Дрожащими руками Китти поставила на столик кувшин с водой и, с трудом протиснувшись мимо тел, лежащих в коридоре, выбежала на парадное крыльцо. В течение четырех долгих лет армия Ли оставалась непобедимой. Дважды его солдаты прорывались с боями к северу от Потомака. Снова и снова им удавалось отбить намного превосходившие их в силе армии, которые посылал против них Север. Теперь всему пришел конец.
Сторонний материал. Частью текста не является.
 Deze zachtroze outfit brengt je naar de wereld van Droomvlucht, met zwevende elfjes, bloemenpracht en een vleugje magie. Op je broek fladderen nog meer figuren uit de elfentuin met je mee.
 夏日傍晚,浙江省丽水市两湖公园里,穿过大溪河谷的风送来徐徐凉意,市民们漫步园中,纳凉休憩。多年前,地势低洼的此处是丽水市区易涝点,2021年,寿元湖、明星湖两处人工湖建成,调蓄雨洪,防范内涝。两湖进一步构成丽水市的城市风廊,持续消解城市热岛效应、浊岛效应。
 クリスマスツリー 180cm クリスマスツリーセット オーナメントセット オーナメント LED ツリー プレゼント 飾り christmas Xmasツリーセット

– Мисс Китти? Мисс Китти! Неужели это и вправду вы? Господи, не верю своим глазам!

Она повернула голову и в изумлении зажмурилась, узнав старого Джекоба, преданного слугу ее отца.

– Джекоб! – Протянув к нему руки, она сбежала вниз по ступенькам. – Ох, я так боялась, что ты погиб! Милый, милый Джекоб!
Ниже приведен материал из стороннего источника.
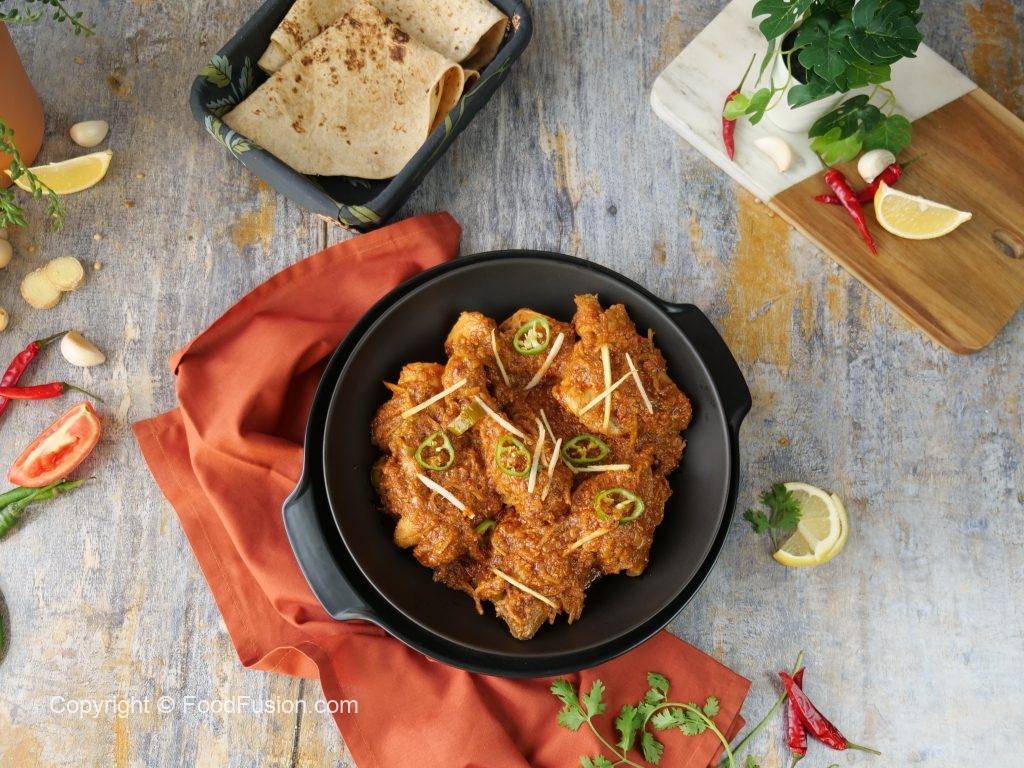 -Hari mirch aur adrak sa garnish ker lein & chapati ka saath serve karein!

Они обнялись, и затем старый негр отступил на шаг, вертя в мозолистых руках потрепанную соломенную шляпу.

– Только не я, мисс Китти. Кто может убить старого пройдоху вроде меня? Хотя тут у нас столько всего случилось… Моя Фанни подхватила лихорадку и умерла. Но я забрал мальчиков, и мы вовремя скрылись.

Положив ему руки на плечи, Китти прошептала:

– Я очень сожалею из-за Фанни, но рада, что ты остался жив, Джекоб. Ты уже знаешь о гибели папы?
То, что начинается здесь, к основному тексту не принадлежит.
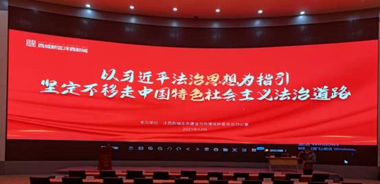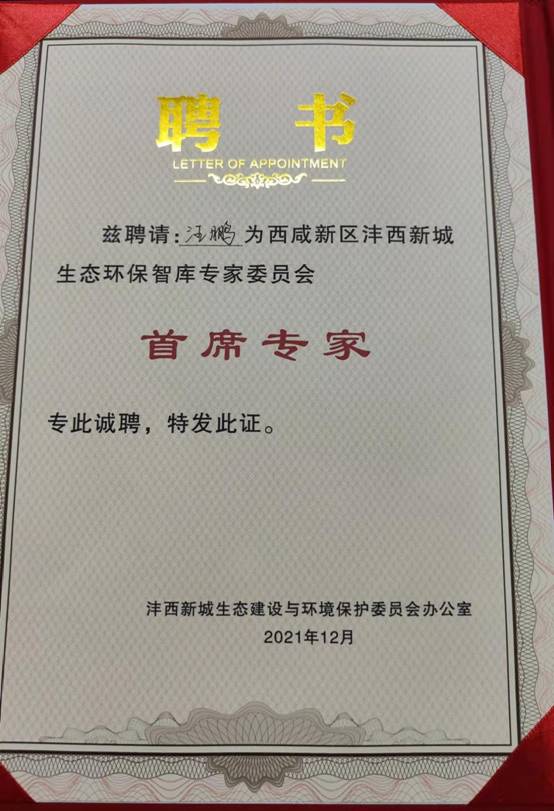 2021年12月3日,西咸新区沣西新城生态建设与环境保护委员会办公室举行“我为群众办实事—环保普法宣传六进”活动,美高梅娱乐场 刑法教研室汪鹏博士受聘为“西咸新区沣西新城生态环保智库专家委员会首席专家”,沣西新城生态环境局局长、党组书记赵波为汪鹏博士颁发聘书。

При упоминании человека, которому он был глубоко предан, на глазах старика выступили слезы.

– Да, мэм. – Голос его дрогнул. – До меня доходили разные слухи, но я не верил ничему, кроме того, что Джон Райт умер со славой, как и жил.

Едва удерживаясь от слез, Китти сообщила ему во всех подробностях, как произошла трагедия, не утаив и того, в чем признался ей отец перед смертью: в ту ночь, когда его избили, Натан находился в толпе линчевателей.

Старый негр от гнева выпучил глаза:

– Знай я об этом, собственными руками придушил бы Натана. – Затем, осекшись, он бросил на нее удивленный взгляд. – Но почему он раньше не говорил вам об этом, мисс Китти? Почему молчал, зная, что вы собираетесь выйти замуж за мистера Коллинза?

Китти сжала губы, снова охваченная мучительными воспоминаниями о тех последних мгновениях, когда она держала на руках умирающего отца.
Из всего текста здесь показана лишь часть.